Эллис Питерс - Ярмарка Святого Петра
— Так-то оно так, — вздохнув, согласился Кадфаэль, — но смысл в этом все же есть, и боюсь, что дела обстоят хуже, чем мы с тобой могли себе представить. Эвальд находился в конюшне, выхода оттуда, кроме как через двор, нет, а стало быть, и скрыться он не мог — ну, разве что проломив монастырскую стену. Корбьер вышел во двор по просьбе шерифа да от него же узнал всю правду. Он понял, что слуга разоблачен, и, если его припрут к стенке, глядишь, выведет на чистую воду своего лорда. Давай-ка рассмотрим по порядку, как все происходило с этого момента. Фаулер как раз вернулся со стрельбища, и у него был с собой арбалет. Когда Корбьер пошел на конюшню за Эвальдом, Турстан пошел было за ним, но лорд бросил ему на ходу несколько слов, и тот отстал. Что, спрашивается, сказал Иво своему слуге? Мы этого не слышали, как не слышали и того, что говорил Корбьер Эвальду на конюшенном дворе. Помнишь, некоторое время нам пришлось ждать их возвращения. Думаю, этого времени Корбьеру хватило: он успел сообщить конюху, что дела плохи. Очевидно, он велел слуге не терять головы и дал следующие указания: «Выводи коня, я сам встану между тобой и воротами, но ты улучи момент, прыгай в седло и гони. Ну а потом затаишься на время (не иначе как в собственном маноре Корбьера, — пояснил монах), и никто до тебя не доберется. Но главное: постарайся, чтобы все поверили в мою непричастность ни к каким злодействам. Сделай вид, будто напал на меня, ты поможешь мне, а я — тебе». И каждый разыграл свою роль, причем Иво сделал это превосходно. Он встал между конюхом и воротами, воспользовался игривым настроением коня, чтобы оттеснить с дороги нас, а потом для видимости ухватился за узду, получил пинка и полетел на дорогу. Путь для Эвальда был открыт. Хью и Филип слушали монаха как зачарованные.

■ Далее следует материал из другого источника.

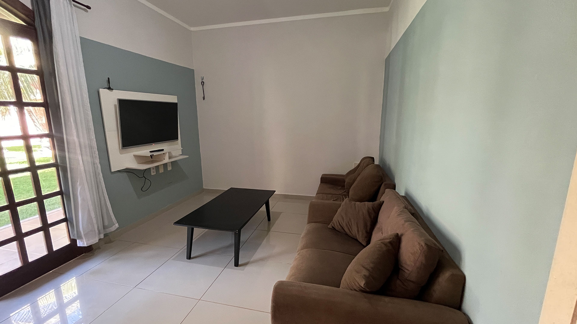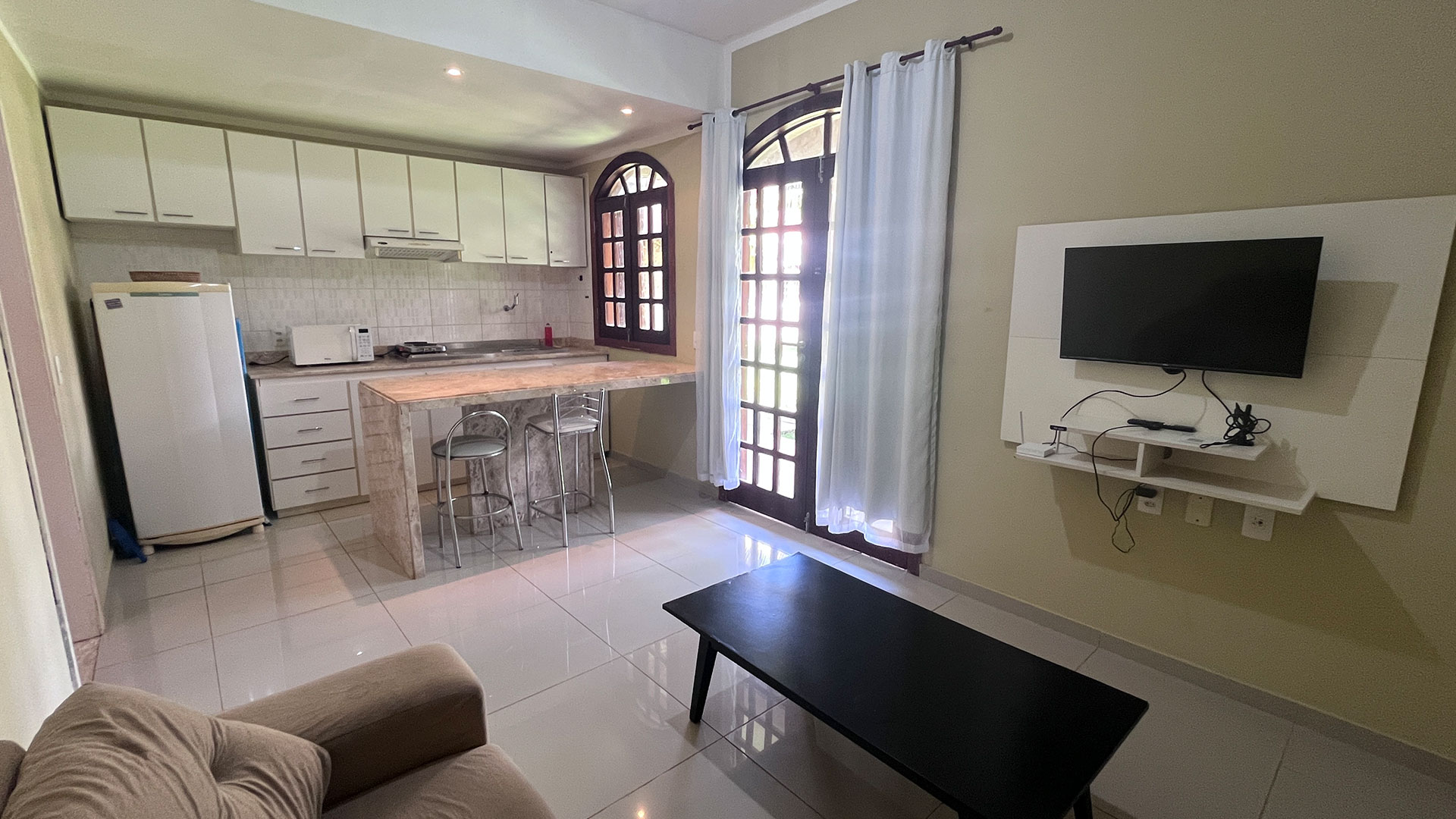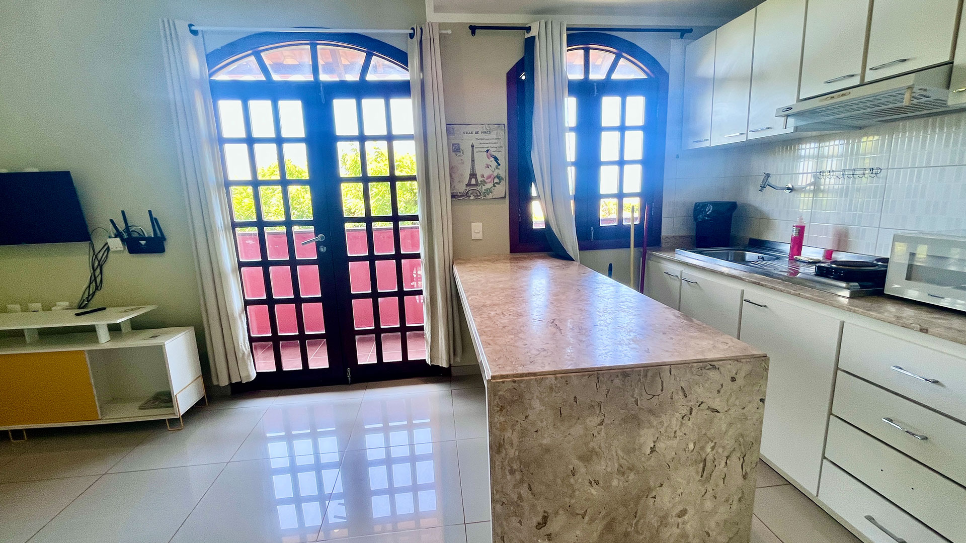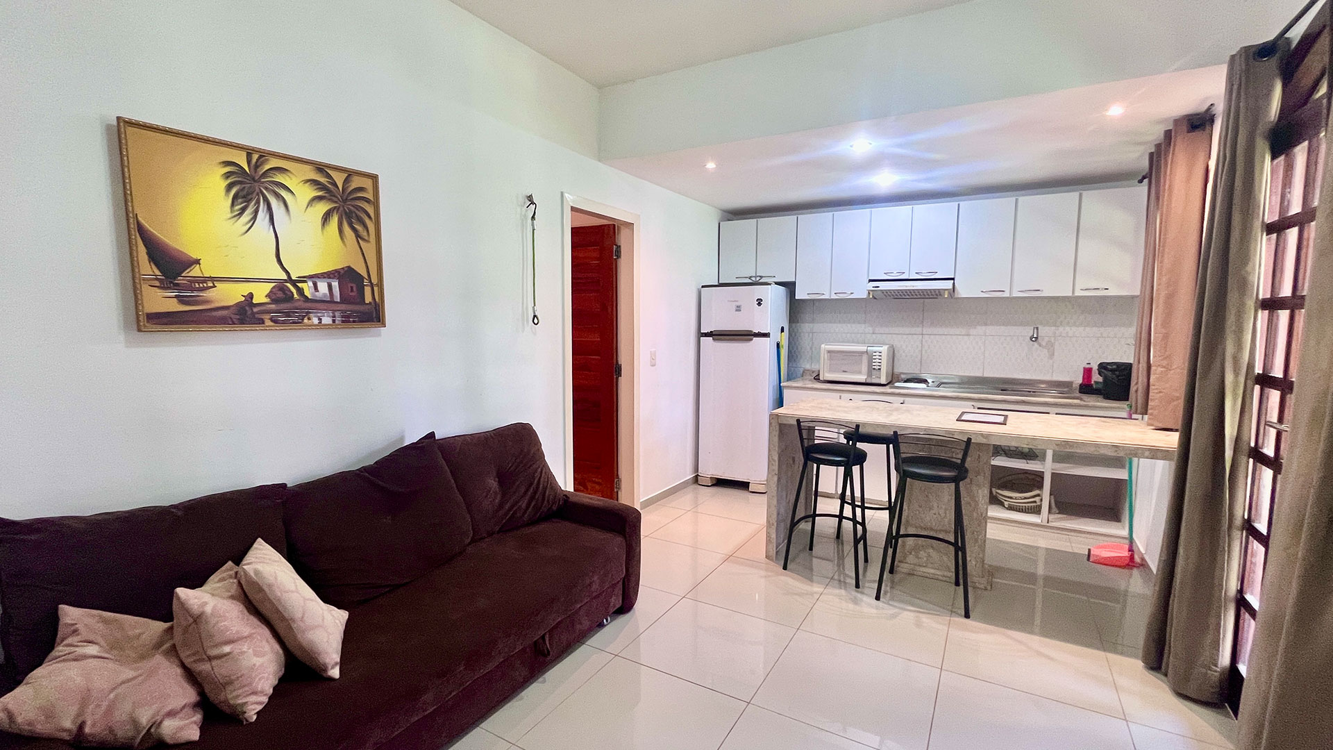 O espaço é funcional e bem equipado, com sala de estar, Wi-Fi, TV e uma cozinha completa que garante mais liberdade durante a estadia. A suíte climatizada acomoda bem, com cama de casal e camas de solteiro, além de varanda com vista direta para a piscina, que faz toda diferença no dia a dia. No geral, é uma opção prática e confortável, perfeita pra casais, famílias ou pequenos grupos.
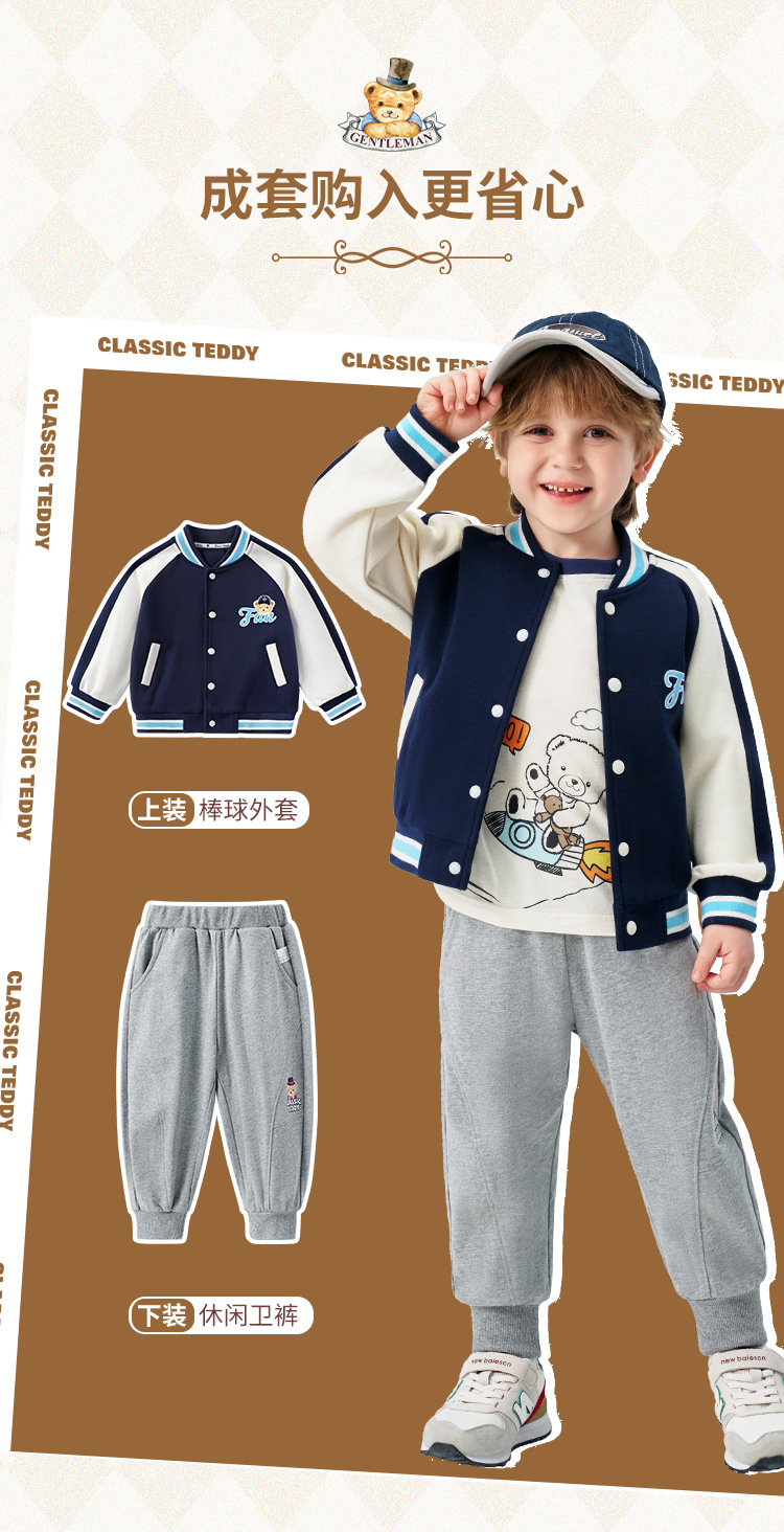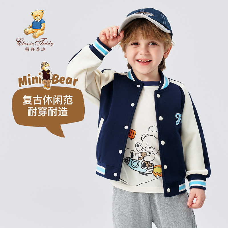 클래식 테디 아동 자켓, 봄 남아 야구 유니폼, 아동 자켓, 남아용 다용도 상의, 캐주얼하고 패셔너블한스토어 가기

— Однако замысел Иво заключался вовсе не в том, чтобы выручить конюха, — продолжал Кадфаэль, — это было бы слишком рискованно, ведь рано или поздно Эвальда могли поймать и заставить выложить все. Он должен был замолчать навеки, и потому Корбьер приказал сокольничему остановить его. Хозяин велел, слуга повиновался, и оба сделали это без колебаний, ибо тот и другой не хотели, чтобы Эвальд заговорил.

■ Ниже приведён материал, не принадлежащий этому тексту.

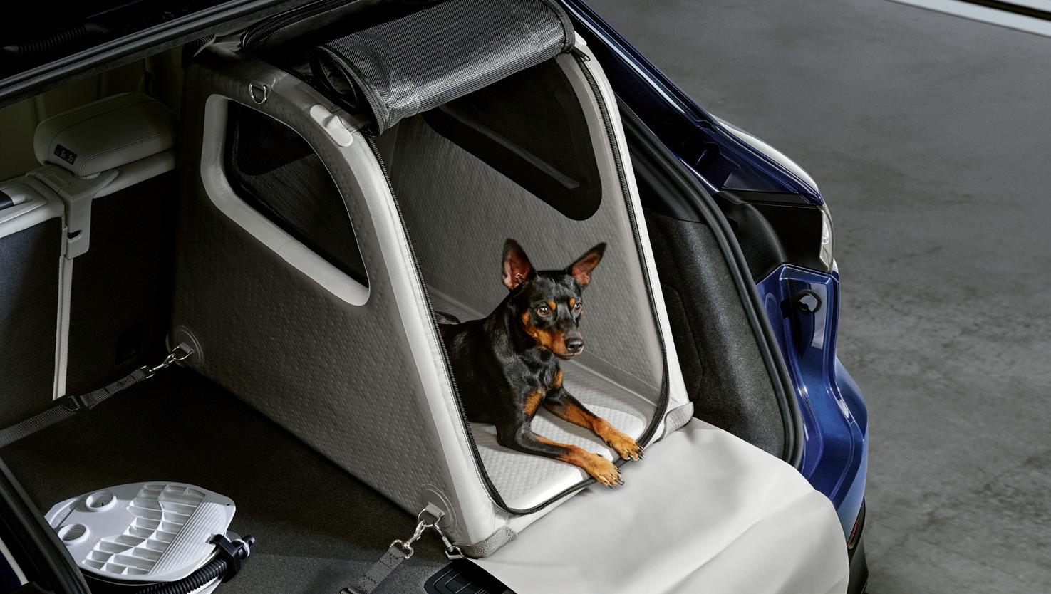 Mit der aufblasbaren Porsche Kofferraumbox können Hunde verschiedener Größen einfach und sicher transportiert werden. Inkl. Gurte zur Fixierung der Box.
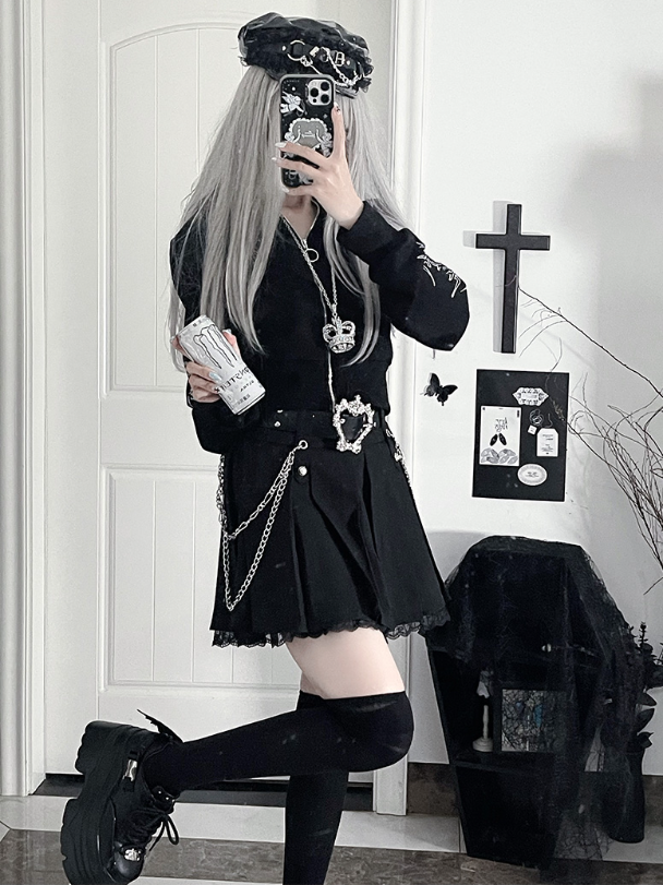Metal ChainsCross Gothic Studded Motif Black Side PUBelt Lace Hem+Black Skirtwith
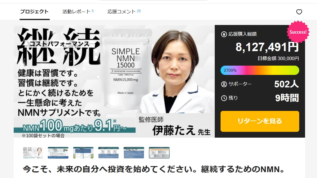 無事に目標金額を達成しました!! SIMPLE NMN 15000 無事にMakuakeキャンペーンをスタートしております。
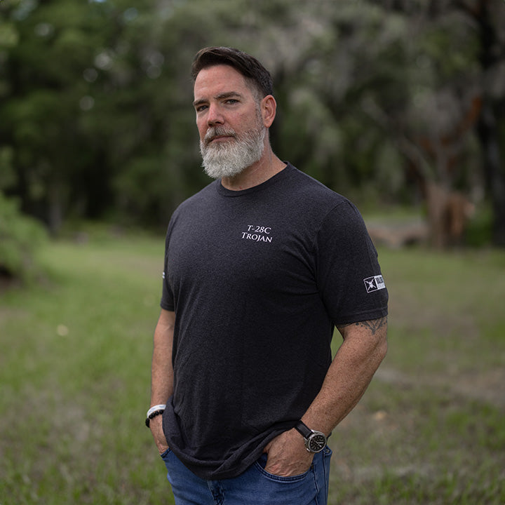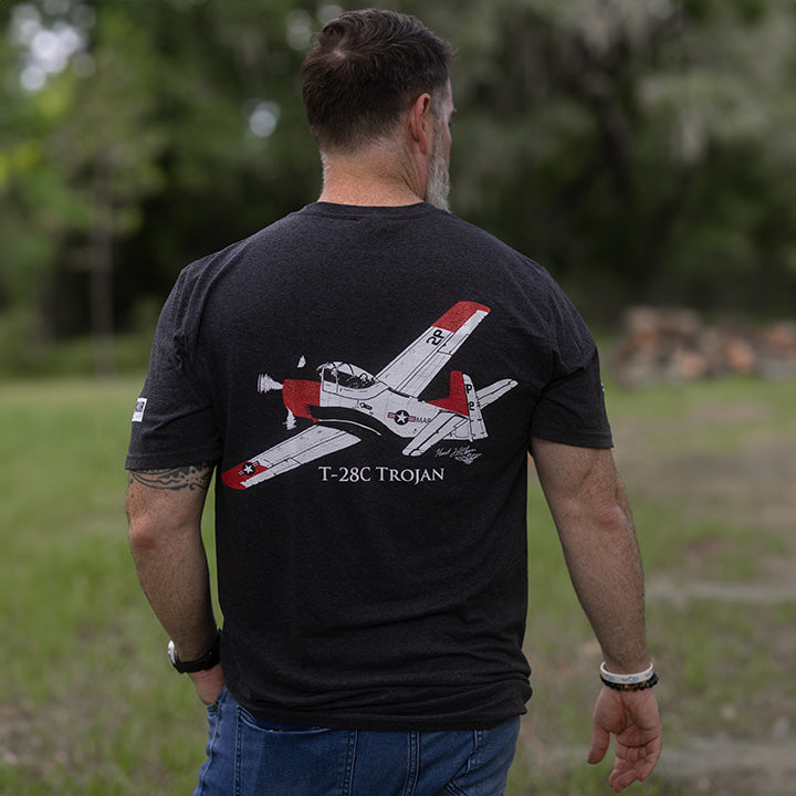 This T-28C Trojan t-shirt is to honor the brave pilots who flew this aircraft, primarily as a trainer but also in combat. Manufactured by North American Aviation in 1950, the Trojan was also used in combat operations in Vietnam and by several other countries as a close air support aircraft. The CIA used the Trojan in Africa operations in the 1960s. Twenty-three Trojans were lost to combat operations in Vietnam.

Воцарилось напряженное молчание. Слушатели ужаснулись тому, что поведал им монах. Даже Хью, всякого повидавший на своем веку, подивился такой подлости и коварству, а что уж говорить о Филипе. Потрясенный до глубины души, парнишка медленно поднялся на ноги, не сводя с собеседников широко раскрытых глаз.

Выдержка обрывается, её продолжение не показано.